### TASK STATEMENT
Leave every image out, and return the rest of the data word for word.

### DATA SECTION
-----
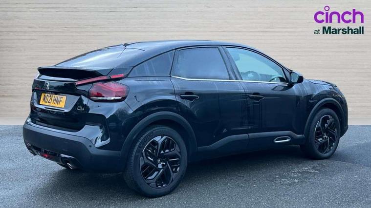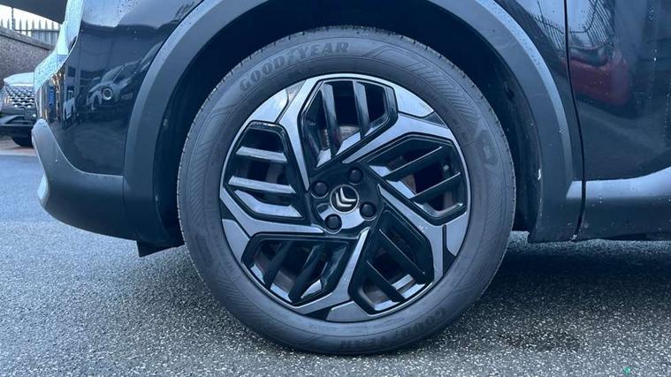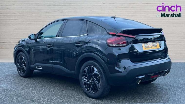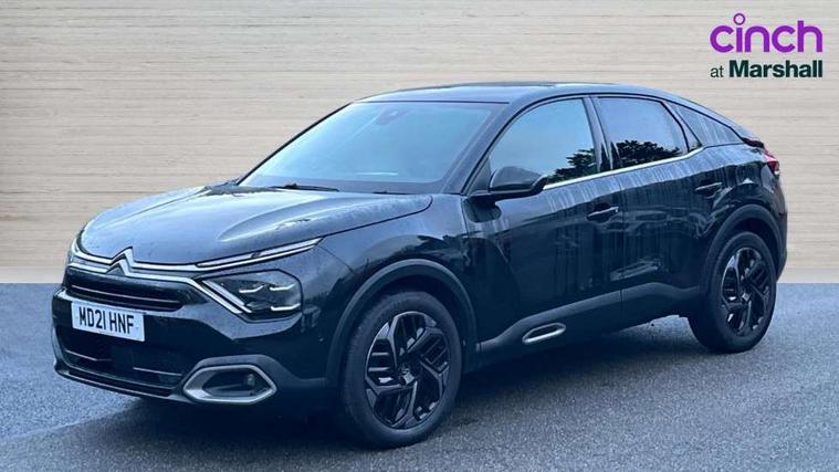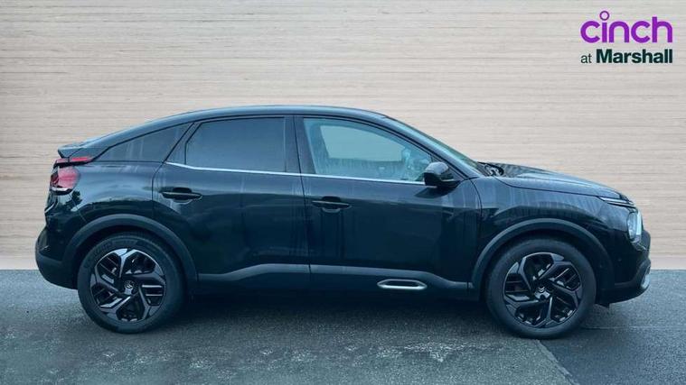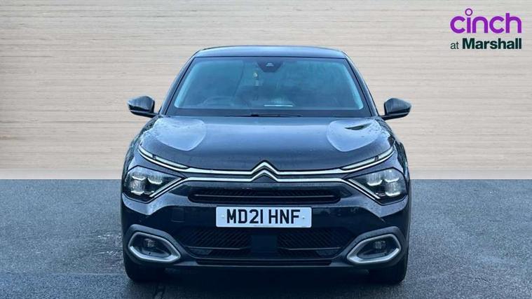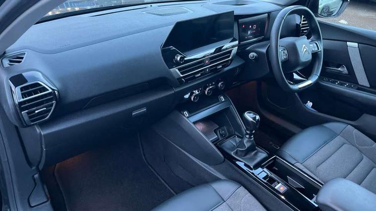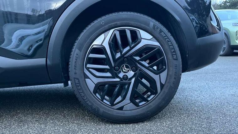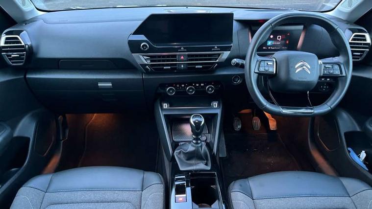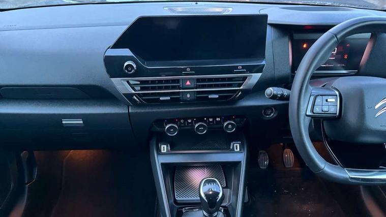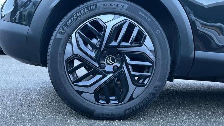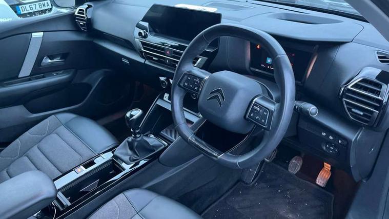 10" high resolution touchscreen user interface, controlling media, connectivity and vehicle settings, 5.5 inch backlit full TFT driver's instrument cluster, Active blind spot detection, Apple car play and Android auto, Citroen connect box emergency and assistance system, Citroen connect nav with speed cam and danger zones alert, Cruise control + speed limiter, Driver's head-up display, Electronic Power Steering (EPS), Front, rear and lateral parking sensors, In-crash braking, Voice commands, Suspension with progressive hydraulic cushions - double hydraulic stops on front suspension and single on rear suspension, Auxiliary input socket, Bluetooth telephone and audio streaming, DAB Digital radio, Body colour bumpers, Body colour door handles, Dark tinted rear windows and side windows with chrome detail, Electrically heated, folding and adjustable external rear view mirrors with courtesy lighting, Electrochrome interior rear-view mirror with automatic day-night switching, Front and rear electric windows, Gloss black rear skirt, Intelligent beam headlights, LED daytime running lights in V signature, LED front fog lamps with static cornering function, LED front headlamps, Obsidian black painted external rear view mirrors, Rain sensing automatic front windscreen wipers, Welcome and goodbye lighting, 12V power outlet, 1x USB Type-C socket charging & data connection and 1x USB Type-A socket in 1st row and 1x USB Type-A socket charging in 2nd row, 3 rear headrests, Boot light, Dashboard tray in front cabin, Deluxe leather steering wheel with two command blocks, Driver and passenger sunvisors with illuminated vanity mirrors, Dual zone automatic air conditioning, Front and rear LED interior lighting, Front head restraints, Height adjustable driver's seat with adjustable lumbar support, Height adjustable front passenger seat, Height and reach adjustable steering wheel, Map pockets in rear of front seats, Raised centre console with two cup holders, Split folding rear seats, Two position boot floor, High level acoustic insulation pack - C4/C4 X/e-C4 X, Safety pack plus - C4 Shine/ Shine Plus, 3x3 point rear seatbelts, ABS, Driver and front passenger airbags, Electric parking brake, ESP, Front seatbelt pretensioners, Hill start assist, Manual child lock in second row, Manual deactivation of front passenger airbag, Post collision safety brake, Row 1 and 2 curtain airbags, Row 1 side thorax airbags, Seatbelt unfastened on the move warning, Tyre underinflation detection, Anti-theft alarm (volumetric protection), Immobiliser, Keyless entry and start, Remote locking with deadlocks, 18" Aeroblade dark alloy wheels and smoke grey finish with anti-theft locking wheel, Puncture repair kit with compressor,
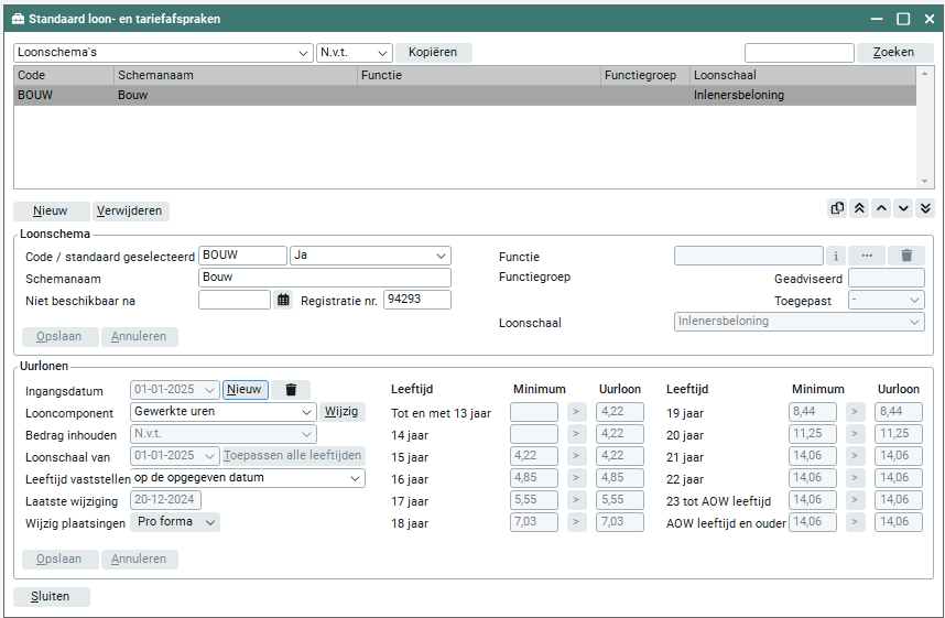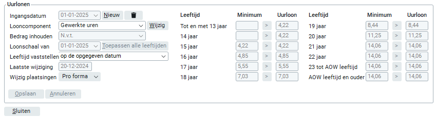 Easyflex toont je de minimum uurlonen per leeftijd. Je kunt handmatig de uurlonen ingeven, echter mogen deze nooit lager zijn dan de minimum uurlonen per leeftijd. Wanneer het uurloon lager is dan het minimum, wordt dit uurloon rood getoond.
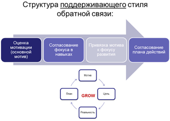Отличительной особенностью здесь будет перенос мотивационного компонента на первое место. Это обусловлено направленностью поддерживающего стиля на изменение мотивации сотрудника, что в данной ситуации имеет решающее значение для корректировки его поведения.
-----
### RESPONSE TO THIS TASK
 10" high resolution touchscreen user interface, controlling media, connectivity and vehicle settings, 5.5 inch backlit full TFT driver's instrument cluster, Active blind spot detection, Apple car play and Android auto, Citroen connect box emergency and assistance system, Citroen connect nav with speed cam and danger zones alert, Cruise control + speed limiter, Driver's head-up display, Electronic Power Steering (EPS), Front, rear and lateral parking sensors, In-crash braking, Voice commands, Suspension with progressive hydraulic cushions - double hydraulic stops on front suspension and single on rear suspension, Auxiliary input socket, Bluetooth telephone and audio streaming, DAB Digital radio, Body colour bumpers, Body colour door handles, Dark tinted rear windows and side windows with chrome detail, Electrically heated, folding and adjustable external rear view mirrors with courtesy lighting, Electrochrome interior rear-view mirror with automatic day-night switching, Front and rear electric windows, Gloss black rear skirt, Intelligent beam headlights, LED daytime running lights in V signature, LED front fog lamps with static cornering function, LED front headlamps, Obsidian black painted external rear view mirrors, Rain sensing automatic front windscreen wipers, Welcome and goodbye lighting, 12V power outlet, 1x USB Type-C socket charging & data connection and 1x USB Type-A socket in 1st row and 1x USB Type-A socket charging in 2nd row, 3 rear headrests, Boot light, Dashboard tray in front cabin, Deluxe leather steering wheel with two command blocks, Driver and passenger sunvisors with illuminated vanity mirrors, Dual zone automatic air conditioning, Front and rear LED interior lighting, Front head restraints, Height adjustable driver's seat with adjustable lumbar support, Height adjustable front passenger seat, Height and reach adjustable steering wheel, Map pockets in rear of front seats, Raised centre console with two cup holders, Split folding rear seats, Two position boot floor, High level acoustic insulation pack - C4/C4 X/e-C4 X, Safety pack plus - C4 Shine/ Shine Plus, 3x3 point rear seatbelts, ABS, Driver and front passenger airbags, Electric parking brake, ESP, Front seatbelt pretensioners, Hill start assist, Manual child lock in second row, Manual deactivation of front passenger airbag, Post collision safety brake, Row 1 and 2 curtain airbags, Row 1 side thorax airbags, Seatbelt unfastened on the move warning, Tyre underinflation detection, Anti-theft alarm (volumetric protection), Immobiliser, Keyless entry and start, Remote locking with deadlocks, 18" Aeroblade dark alloy wheels and smoke grey finish with anti-theft locking wheel, Puncture repair kit with compressor,
 Easyflex toont je de minimum uurlonen per leeftijd. Je kunt handmatig de uurlonen ingeven, echter mogen deze nooit lager zijn dan de minimum uurlonen per leeftijd. Wanneer het uurloon lager is dan het minimum, wordt dit uurloon rood getoond.
Отличительной особенностью здесь будет перенос мотивационного компонента на первое место. Это обусловлено направленностью поддерживающего стиля на изменение мотивации сотрудника, что в данной ситуации имеет решающее значение для корректировки его поведения.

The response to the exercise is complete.